[Records excerpted from a collection]
"""
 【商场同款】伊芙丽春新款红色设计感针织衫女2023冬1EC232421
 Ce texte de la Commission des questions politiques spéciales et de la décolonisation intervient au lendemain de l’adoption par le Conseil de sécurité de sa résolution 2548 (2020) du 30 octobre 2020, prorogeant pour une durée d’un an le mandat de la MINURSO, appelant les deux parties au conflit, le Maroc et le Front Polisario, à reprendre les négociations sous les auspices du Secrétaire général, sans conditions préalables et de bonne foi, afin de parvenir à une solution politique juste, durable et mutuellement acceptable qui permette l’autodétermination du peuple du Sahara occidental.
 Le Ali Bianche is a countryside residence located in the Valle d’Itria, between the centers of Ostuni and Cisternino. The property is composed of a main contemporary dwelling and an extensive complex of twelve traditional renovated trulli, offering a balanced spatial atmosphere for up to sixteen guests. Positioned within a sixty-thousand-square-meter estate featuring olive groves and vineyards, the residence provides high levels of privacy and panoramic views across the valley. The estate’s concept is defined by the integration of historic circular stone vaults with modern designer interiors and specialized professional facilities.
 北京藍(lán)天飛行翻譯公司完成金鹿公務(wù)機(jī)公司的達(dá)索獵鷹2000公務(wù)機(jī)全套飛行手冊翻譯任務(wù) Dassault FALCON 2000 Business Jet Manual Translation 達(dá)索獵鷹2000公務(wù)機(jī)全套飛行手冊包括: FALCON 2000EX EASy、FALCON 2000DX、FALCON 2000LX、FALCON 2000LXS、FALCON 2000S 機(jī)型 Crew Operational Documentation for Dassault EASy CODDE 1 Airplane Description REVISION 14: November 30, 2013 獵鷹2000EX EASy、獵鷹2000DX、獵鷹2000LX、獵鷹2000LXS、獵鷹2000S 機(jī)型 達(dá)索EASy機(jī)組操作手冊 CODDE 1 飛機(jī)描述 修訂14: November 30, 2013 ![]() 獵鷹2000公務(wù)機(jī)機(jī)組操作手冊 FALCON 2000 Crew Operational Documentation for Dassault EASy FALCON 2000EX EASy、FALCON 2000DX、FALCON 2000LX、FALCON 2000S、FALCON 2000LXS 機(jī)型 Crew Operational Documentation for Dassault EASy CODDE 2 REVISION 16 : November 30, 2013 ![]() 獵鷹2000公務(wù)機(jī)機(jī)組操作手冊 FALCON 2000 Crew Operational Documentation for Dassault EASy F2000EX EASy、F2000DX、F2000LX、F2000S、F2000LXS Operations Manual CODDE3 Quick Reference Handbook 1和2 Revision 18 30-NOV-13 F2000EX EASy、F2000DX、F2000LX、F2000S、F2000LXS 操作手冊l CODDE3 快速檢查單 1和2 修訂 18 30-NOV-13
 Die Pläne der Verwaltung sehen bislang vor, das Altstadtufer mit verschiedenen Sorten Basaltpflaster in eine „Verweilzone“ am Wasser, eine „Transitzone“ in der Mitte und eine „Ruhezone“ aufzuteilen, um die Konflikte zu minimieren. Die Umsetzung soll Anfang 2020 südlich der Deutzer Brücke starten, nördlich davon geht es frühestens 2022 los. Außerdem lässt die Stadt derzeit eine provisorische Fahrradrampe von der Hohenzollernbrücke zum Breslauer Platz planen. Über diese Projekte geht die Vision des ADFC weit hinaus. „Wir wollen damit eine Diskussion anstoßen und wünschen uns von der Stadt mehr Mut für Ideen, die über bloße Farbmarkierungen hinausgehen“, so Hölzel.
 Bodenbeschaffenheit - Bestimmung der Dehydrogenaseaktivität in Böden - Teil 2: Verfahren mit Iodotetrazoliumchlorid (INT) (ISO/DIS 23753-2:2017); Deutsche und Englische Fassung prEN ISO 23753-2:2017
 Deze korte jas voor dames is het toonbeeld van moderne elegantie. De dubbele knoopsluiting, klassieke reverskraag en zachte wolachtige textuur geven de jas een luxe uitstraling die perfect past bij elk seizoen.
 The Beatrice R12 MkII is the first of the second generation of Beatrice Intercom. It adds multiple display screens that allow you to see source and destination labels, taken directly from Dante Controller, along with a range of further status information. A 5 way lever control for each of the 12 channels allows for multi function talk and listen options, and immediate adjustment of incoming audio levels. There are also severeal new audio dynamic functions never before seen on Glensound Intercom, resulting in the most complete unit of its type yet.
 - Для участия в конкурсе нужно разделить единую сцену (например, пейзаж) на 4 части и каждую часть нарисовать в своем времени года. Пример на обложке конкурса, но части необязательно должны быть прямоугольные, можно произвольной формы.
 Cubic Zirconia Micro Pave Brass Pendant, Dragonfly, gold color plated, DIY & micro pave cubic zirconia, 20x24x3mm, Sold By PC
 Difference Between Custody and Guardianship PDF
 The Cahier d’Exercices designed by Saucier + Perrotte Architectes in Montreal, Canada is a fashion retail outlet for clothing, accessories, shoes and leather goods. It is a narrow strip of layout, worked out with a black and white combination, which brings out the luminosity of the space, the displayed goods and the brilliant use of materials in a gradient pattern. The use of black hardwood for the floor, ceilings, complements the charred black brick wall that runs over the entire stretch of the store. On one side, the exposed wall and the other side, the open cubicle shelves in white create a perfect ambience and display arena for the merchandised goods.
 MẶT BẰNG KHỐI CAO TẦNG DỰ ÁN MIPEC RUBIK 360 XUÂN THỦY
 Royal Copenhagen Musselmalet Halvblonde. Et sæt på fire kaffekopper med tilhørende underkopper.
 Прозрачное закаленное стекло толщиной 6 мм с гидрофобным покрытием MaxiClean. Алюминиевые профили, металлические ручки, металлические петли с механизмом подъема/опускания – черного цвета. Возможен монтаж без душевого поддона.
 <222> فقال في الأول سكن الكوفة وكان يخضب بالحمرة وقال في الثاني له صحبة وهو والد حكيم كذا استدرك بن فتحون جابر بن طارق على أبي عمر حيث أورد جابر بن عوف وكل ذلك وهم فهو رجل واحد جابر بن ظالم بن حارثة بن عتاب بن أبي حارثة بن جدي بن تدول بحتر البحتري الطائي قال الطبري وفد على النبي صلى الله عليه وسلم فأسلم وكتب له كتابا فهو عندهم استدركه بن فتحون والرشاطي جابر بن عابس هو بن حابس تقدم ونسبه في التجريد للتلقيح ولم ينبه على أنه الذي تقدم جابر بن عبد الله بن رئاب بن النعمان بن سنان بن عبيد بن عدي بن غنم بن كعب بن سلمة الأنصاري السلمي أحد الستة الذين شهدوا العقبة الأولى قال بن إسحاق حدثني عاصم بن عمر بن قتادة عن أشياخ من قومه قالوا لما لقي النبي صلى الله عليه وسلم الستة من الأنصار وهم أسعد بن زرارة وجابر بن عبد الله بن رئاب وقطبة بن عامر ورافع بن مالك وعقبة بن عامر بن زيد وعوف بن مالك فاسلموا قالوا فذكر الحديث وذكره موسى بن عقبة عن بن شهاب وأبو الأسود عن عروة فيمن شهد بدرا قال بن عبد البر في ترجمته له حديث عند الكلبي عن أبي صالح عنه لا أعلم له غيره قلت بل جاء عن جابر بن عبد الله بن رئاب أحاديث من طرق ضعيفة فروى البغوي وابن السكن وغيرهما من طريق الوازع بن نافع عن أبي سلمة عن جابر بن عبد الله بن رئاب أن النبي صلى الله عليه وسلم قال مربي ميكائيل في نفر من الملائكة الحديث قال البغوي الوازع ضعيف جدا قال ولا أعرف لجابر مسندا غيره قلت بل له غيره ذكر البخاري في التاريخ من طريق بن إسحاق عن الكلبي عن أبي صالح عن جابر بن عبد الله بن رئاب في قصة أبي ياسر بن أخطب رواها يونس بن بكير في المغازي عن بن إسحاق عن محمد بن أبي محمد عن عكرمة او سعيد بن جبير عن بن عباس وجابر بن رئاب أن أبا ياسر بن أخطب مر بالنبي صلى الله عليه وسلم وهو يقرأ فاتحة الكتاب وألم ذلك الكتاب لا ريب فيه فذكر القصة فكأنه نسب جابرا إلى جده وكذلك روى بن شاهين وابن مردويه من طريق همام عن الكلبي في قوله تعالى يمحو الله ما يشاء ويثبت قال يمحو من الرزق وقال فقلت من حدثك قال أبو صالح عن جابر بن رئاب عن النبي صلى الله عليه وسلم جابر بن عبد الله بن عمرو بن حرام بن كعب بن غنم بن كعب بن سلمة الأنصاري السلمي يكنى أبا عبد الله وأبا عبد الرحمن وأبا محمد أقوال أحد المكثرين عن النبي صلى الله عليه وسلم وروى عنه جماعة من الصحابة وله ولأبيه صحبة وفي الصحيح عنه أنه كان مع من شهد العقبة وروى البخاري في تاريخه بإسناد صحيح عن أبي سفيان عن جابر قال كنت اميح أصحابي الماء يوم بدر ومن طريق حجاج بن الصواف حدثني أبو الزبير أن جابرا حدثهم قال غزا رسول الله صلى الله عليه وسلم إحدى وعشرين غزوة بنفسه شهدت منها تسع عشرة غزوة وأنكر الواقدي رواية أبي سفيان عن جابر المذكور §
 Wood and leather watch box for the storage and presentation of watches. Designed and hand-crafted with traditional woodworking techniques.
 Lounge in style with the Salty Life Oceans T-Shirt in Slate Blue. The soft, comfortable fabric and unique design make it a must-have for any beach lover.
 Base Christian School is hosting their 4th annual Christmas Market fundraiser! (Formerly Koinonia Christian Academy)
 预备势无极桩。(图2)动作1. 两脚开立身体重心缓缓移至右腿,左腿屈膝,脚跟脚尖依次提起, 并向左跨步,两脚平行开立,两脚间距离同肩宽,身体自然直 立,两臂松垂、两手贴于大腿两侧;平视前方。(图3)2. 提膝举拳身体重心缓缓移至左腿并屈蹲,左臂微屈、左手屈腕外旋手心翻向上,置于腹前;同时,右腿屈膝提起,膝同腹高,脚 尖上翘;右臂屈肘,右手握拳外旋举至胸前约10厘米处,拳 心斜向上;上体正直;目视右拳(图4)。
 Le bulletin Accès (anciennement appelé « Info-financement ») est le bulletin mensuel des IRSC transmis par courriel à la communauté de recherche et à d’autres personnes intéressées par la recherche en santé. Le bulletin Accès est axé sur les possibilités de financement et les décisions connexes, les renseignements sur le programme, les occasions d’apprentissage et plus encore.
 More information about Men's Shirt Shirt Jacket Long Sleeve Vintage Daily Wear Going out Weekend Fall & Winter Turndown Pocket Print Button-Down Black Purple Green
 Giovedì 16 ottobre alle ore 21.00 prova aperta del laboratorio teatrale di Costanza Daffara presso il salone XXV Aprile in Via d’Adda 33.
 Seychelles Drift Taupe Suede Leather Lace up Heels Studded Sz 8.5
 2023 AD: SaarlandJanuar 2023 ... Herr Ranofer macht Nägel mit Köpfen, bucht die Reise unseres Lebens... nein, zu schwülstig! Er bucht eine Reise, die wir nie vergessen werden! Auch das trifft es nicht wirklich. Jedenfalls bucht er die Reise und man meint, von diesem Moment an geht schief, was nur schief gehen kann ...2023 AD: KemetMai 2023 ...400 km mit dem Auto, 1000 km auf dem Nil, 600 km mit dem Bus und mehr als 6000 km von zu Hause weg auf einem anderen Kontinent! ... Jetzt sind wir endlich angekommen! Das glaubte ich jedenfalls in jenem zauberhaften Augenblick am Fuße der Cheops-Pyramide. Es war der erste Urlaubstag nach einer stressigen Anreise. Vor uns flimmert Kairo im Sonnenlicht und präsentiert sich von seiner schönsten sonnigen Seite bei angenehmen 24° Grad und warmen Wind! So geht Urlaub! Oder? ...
"""
_WHAT IS BEING ASKED_.
Each line in the records above that contains the word "Shirt" must be copied.

_WRITTEN SOLUTION_.
 Lounge in style with the Salty Life Oceans T-Shirt in Slate Blue. The soft, comfortable fabric and unique design make it a must-have for any beach lover.
 More information about Men's Shirt Shirt Jacket Long Sleeve Vintage Daily Wear Going out Weekend Fall & Winter Turndown Pocket Print Button-Down Black Purple Green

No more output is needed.